## Your assignment
Scan the data below and give the number of lines that include the word "programa", with no other words.

[Dataset excerpts]
=======

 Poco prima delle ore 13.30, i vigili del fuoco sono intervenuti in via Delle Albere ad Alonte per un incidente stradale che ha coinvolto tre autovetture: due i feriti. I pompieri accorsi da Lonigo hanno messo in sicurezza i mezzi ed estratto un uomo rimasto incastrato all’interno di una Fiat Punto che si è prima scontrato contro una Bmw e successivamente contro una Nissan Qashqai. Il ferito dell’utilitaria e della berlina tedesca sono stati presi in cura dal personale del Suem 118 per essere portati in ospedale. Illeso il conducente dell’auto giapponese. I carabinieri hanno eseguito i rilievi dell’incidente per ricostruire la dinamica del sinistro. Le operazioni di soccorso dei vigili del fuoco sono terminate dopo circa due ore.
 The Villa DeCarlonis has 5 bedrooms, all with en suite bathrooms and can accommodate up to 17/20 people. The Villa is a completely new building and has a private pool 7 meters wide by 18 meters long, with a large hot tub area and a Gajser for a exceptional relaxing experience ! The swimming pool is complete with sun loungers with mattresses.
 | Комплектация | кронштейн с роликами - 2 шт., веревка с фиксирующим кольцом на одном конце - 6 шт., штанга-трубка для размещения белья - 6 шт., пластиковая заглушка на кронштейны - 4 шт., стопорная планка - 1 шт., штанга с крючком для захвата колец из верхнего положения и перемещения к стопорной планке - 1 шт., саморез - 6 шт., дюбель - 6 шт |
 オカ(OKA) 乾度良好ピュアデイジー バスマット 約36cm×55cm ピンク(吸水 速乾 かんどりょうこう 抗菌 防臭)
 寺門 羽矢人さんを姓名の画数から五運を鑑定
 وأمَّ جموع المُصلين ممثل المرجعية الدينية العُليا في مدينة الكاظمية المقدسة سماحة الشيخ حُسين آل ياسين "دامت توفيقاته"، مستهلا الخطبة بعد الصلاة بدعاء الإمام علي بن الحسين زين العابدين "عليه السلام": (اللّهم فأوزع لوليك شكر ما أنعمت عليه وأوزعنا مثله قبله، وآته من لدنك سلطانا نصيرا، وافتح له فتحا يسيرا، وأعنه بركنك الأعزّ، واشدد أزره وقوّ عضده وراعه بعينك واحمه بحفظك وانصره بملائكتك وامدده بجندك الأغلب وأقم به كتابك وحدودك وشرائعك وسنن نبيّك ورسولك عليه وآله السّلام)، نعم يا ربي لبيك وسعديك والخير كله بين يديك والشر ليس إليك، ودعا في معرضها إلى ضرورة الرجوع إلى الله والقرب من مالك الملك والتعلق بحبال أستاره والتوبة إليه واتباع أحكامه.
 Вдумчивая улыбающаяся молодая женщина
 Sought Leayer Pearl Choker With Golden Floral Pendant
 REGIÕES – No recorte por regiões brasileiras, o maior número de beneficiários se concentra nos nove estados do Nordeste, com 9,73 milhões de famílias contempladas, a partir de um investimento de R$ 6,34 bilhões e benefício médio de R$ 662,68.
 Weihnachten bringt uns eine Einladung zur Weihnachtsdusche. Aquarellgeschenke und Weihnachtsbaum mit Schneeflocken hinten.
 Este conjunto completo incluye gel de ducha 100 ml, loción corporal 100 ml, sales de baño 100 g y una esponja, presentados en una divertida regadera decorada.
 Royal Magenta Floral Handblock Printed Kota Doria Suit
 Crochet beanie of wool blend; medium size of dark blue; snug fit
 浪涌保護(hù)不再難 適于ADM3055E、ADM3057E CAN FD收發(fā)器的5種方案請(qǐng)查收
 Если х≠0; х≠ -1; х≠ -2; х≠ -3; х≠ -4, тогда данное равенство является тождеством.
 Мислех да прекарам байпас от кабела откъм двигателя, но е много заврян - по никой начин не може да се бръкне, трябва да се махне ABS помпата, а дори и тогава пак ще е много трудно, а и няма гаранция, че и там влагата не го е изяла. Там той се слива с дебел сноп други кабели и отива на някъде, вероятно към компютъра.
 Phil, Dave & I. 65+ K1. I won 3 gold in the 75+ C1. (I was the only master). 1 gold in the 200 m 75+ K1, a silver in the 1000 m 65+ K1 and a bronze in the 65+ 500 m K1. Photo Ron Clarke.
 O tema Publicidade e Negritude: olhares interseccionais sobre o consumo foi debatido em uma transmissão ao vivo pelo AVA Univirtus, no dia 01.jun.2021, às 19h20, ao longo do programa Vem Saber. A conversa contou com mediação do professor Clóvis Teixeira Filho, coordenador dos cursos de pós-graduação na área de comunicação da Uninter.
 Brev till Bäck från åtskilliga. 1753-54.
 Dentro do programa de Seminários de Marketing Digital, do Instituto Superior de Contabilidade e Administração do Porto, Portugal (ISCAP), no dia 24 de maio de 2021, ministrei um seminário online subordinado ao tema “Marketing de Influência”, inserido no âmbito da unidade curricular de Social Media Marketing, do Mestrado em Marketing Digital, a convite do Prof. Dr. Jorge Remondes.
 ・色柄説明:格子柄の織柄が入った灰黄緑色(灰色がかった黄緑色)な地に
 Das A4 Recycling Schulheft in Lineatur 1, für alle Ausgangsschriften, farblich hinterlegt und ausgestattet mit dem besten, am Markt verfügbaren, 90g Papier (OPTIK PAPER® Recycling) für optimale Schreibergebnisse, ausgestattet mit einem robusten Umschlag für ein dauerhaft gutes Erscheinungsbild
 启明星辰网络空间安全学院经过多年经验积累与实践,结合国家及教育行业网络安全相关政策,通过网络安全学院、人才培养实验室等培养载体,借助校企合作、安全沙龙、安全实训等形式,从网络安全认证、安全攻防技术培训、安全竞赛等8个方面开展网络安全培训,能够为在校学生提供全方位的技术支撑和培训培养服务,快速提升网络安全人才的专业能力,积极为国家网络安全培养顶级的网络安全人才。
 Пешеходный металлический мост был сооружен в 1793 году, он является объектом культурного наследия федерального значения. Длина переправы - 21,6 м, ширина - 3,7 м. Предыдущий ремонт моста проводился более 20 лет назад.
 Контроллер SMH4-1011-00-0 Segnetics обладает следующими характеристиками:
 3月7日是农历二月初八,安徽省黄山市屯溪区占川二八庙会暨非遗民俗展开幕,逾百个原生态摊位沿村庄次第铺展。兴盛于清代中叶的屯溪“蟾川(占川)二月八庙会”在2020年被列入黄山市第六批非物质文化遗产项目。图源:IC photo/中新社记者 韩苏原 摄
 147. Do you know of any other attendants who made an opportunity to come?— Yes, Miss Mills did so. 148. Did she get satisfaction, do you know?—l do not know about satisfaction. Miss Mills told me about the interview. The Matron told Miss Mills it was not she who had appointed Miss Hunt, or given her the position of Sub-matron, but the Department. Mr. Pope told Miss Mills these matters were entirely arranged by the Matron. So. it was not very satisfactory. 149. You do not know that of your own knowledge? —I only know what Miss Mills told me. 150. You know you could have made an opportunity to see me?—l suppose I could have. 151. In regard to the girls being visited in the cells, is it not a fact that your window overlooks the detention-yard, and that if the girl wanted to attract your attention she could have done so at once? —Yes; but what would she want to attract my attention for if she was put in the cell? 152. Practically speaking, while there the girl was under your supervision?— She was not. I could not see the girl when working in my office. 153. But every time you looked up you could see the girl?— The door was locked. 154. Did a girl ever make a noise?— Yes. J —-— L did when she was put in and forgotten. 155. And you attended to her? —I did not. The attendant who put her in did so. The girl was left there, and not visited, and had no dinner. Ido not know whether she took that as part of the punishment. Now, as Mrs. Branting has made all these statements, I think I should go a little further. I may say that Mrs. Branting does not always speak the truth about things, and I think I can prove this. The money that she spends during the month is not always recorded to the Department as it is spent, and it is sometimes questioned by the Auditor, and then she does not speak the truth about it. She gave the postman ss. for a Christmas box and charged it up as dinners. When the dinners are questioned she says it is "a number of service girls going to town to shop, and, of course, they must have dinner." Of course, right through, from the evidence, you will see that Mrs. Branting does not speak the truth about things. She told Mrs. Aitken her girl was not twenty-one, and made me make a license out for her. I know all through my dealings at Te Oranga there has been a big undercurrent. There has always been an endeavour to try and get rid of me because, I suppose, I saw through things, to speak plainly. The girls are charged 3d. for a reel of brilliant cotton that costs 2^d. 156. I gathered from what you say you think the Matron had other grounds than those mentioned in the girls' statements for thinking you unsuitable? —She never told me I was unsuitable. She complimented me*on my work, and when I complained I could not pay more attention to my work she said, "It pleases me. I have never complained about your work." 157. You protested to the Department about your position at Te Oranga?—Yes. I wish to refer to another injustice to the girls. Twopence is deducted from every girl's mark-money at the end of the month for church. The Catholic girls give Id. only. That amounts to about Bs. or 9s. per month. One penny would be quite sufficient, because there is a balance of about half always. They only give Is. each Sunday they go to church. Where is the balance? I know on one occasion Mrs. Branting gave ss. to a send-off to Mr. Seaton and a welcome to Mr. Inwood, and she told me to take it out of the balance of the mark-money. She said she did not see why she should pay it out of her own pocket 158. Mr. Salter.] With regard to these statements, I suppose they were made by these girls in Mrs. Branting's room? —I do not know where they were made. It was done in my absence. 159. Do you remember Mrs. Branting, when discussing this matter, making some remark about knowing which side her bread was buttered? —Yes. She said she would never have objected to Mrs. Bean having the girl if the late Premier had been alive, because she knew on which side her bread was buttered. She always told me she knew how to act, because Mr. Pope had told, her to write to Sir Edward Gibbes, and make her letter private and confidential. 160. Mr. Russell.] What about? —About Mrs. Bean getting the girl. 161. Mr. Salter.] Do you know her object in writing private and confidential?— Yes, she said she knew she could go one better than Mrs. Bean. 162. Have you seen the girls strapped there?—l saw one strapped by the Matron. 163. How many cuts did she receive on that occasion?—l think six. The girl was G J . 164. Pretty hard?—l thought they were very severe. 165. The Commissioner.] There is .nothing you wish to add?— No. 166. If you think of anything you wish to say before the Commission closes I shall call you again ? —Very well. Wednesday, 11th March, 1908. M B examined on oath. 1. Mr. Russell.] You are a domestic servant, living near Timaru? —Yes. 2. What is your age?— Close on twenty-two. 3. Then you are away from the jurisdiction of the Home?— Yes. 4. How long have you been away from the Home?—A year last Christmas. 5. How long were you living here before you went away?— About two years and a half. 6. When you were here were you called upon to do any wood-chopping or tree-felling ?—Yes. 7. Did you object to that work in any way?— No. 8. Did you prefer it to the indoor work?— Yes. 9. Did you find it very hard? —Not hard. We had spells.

=======

## Output for this exercise
2